Exercise description:
Repeat the data exactly, please; no pictures belong in the copy.
Start of Stored data
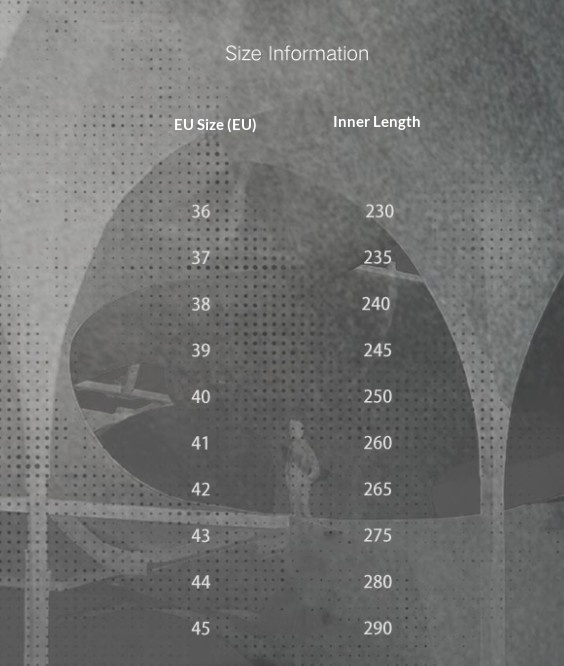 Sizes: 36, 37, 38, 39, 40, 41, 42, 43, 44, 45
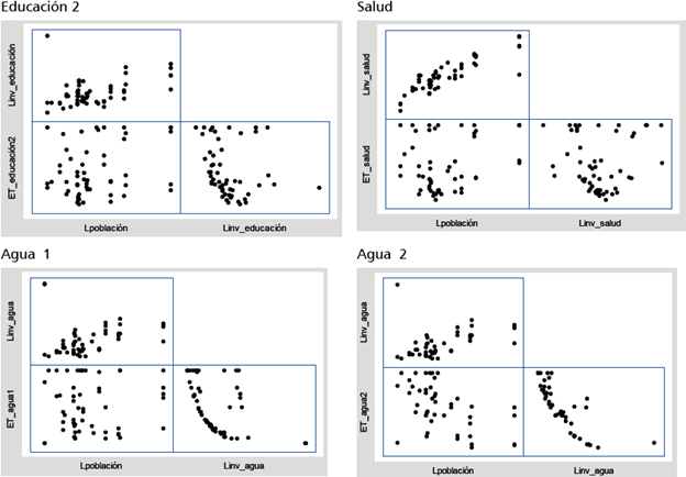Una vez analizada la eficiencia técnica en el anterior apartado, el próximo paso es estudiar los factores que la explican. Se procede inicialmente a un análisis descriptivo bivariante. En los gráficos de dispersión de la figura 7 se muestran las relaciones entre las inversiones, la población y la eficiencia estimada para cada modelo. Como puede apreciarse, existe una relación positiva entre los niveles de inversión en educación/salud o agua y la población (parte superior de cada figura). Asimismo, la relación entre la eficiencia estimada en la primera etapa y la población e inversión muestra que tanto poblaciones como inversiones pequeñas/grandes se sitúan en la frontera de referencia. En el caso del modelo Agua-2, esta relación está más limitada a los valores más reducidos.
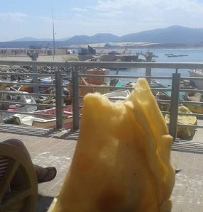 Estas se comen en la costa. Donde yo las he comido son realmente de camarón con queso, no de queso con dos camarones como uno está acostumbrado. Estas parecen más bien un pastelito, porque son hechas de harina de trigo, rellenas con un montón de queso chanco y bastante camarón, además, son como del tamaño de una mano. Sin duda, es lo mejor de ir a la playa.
End of Stored data
Your response:
 Sizes: 36, 37, 38, 39, 40, 41, 42, 43, 44, 45
Una vez analizada la eficiencia técnica en el anterior apartado, el próximo paso es estudiar los factores que la explican. Se procede inicialmente a un análisis descriptivo bivariante. En los gráficos de dispersión de la figura 7 se muestran las relaciones entre las inversiones, la población y la eficiencia estimada para cada modelo. Como puede apreciarse, existe una relación positiva entre los niveles de inversión en educación/salud o agua y la población (parte superior de cada figura). Asimismo, la relación entre la eficiencia estimada en la primera etapa y la población e inversión muestra que tanto poblaciones como inversiones pequeñas/grandes se sitúan en la frontera de referencia. En el caso del modelo Agua-2, esta relación está más limitada a los valores más reducidos.
 Estas se comen en la costa. Donde yo las he comido son realmente de camarón con queso, no de queso con dos camarones como uno está acostumbrado. Estas parecen más bien un pastelito, porque son hechas de harina de trigo, rellenas con un montón de queso chanco y bastante camarón, además, son como del tamaño de una mano. Sin duda, es lo mejor de ir a la playa.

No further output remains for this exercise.